As part of the analysis, all company DJSI scores on all criteria in the research period were restated as contributing to either risk reduction, opportunity seizing or both. To determine the company performance on risk reduction and opportunity seizing, DJSI experts independently rated the DJSI criteria for their potential contribution to either risk or opportunity based on the questions in the questionnaire. In the follow-up stage, the expert assessments were compared, and the differences were settled. Obviously, not all criteria have equal importance for the various sectors. To accommodate this, individual criteria weightings per industry were applied to the company scores, identical to those used by RobecoSAM for the composition of the DJSI for the years and industries researched.
The next step in the analysis required the construction of a separate risk–opportunity matrix for each industry and each year. That matrix enabled the identification of the top 10% of performers. A comparison was then performed at the level of each criterion between the top decile and the industry average. This comparison yielded interesting insights when the gap between the top decile and the averages were statistically meaningful.

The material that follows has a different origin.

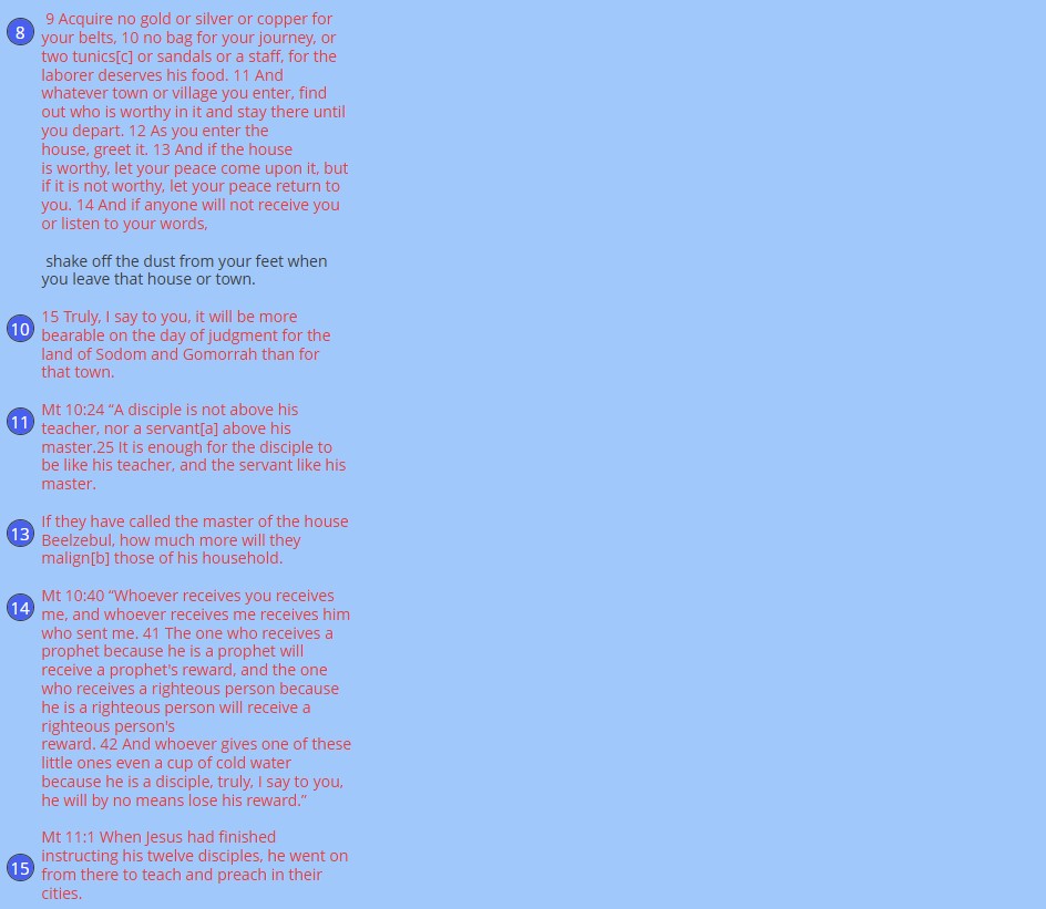 (3) Jesus instructs the disciples to travel lightly, taking no extra provisions, and to rely on the hospitality of those who receive them. If a town rejects them, they are to shake the dust off their feet as a testimony against it. (On the above worksheet see circles 6 – 10) Trusting God for provision is central to the mission. Disciples are called to live simply and focus on the task of proclaiming the kingdom, relying on God and the generosity of others.

From this breakdown, four archetypes of company sustainability programs were extracted, each with its own characteristics: traditional, communicative, opportunistic and transformational.
Figure 1. Example of one sector’s risk-reward mapping and the four archetypes of sustainability programs
The research method used in the book can be illustrated using the environmental, social and governance (ESG) benchmark scores of global companies on climate strategy. Climate change is often portrayed as one of the most important and truly global material issues, with the potential to destruct entire nations, kill wildlife in places such as the Great Barrier Reef, dramatically change agricultural practices or force massive migrations of people. With most, if not all, industries likely to be impacted by climate change, albeit to varying degrees, companies face the need to design appropriate strategies to tackle the challenge. While most companies focus on the risks associated with a changing climate, some also seek to identify and seize the business opportunities linked to this global challenge. To realistically assess the performance of companies on climate change, DJSI -composer RobecoSAM developed a climate strategy criterion in collaboration with CDP.
The survey developed for the climate strategy criterion includes detailed questions on topics such as transparency in disclosure, emission targets, the presence of products and/or services classified as low carbon or that enable third parties to avoid GHG emissions and companies to assess their own financial risks and opportunities resulting from climate change. The climate strategy criterion is one of more than 20 criteria that make up the full RobecoSAM assessment, making it one of the most comprehensive of its kind. Other questionnaire criteria include corporate governance, operational eco-efficiency and human capital development. The relative weighting of each question and criterion is determined on an industry-basis by a RobecoSAM-appointed expert panel. For each criterion, companies receive a percentage of the maximum score; based upon the full set of questions in the climate strategy criterion, participating companies are awarded a score ranging from 0 to 100.
Comparing the average score on the climate strategy criterion with the marks of the top decile performers over the three-year research period, provides some interesting insights. From the example in Table 1 on climate strategy, it is possible to infer that frontrunners outperform industry averages by some 16% – a meaningful difference.
Perhaps more striking is the difference in performance when comparing the selected industries with each other; the scores of the highest-scoring industry (Construction Materials) and lowest-scoring industry (Telecom) are different by a stunning 36%, on a topic that is relevant for both industries.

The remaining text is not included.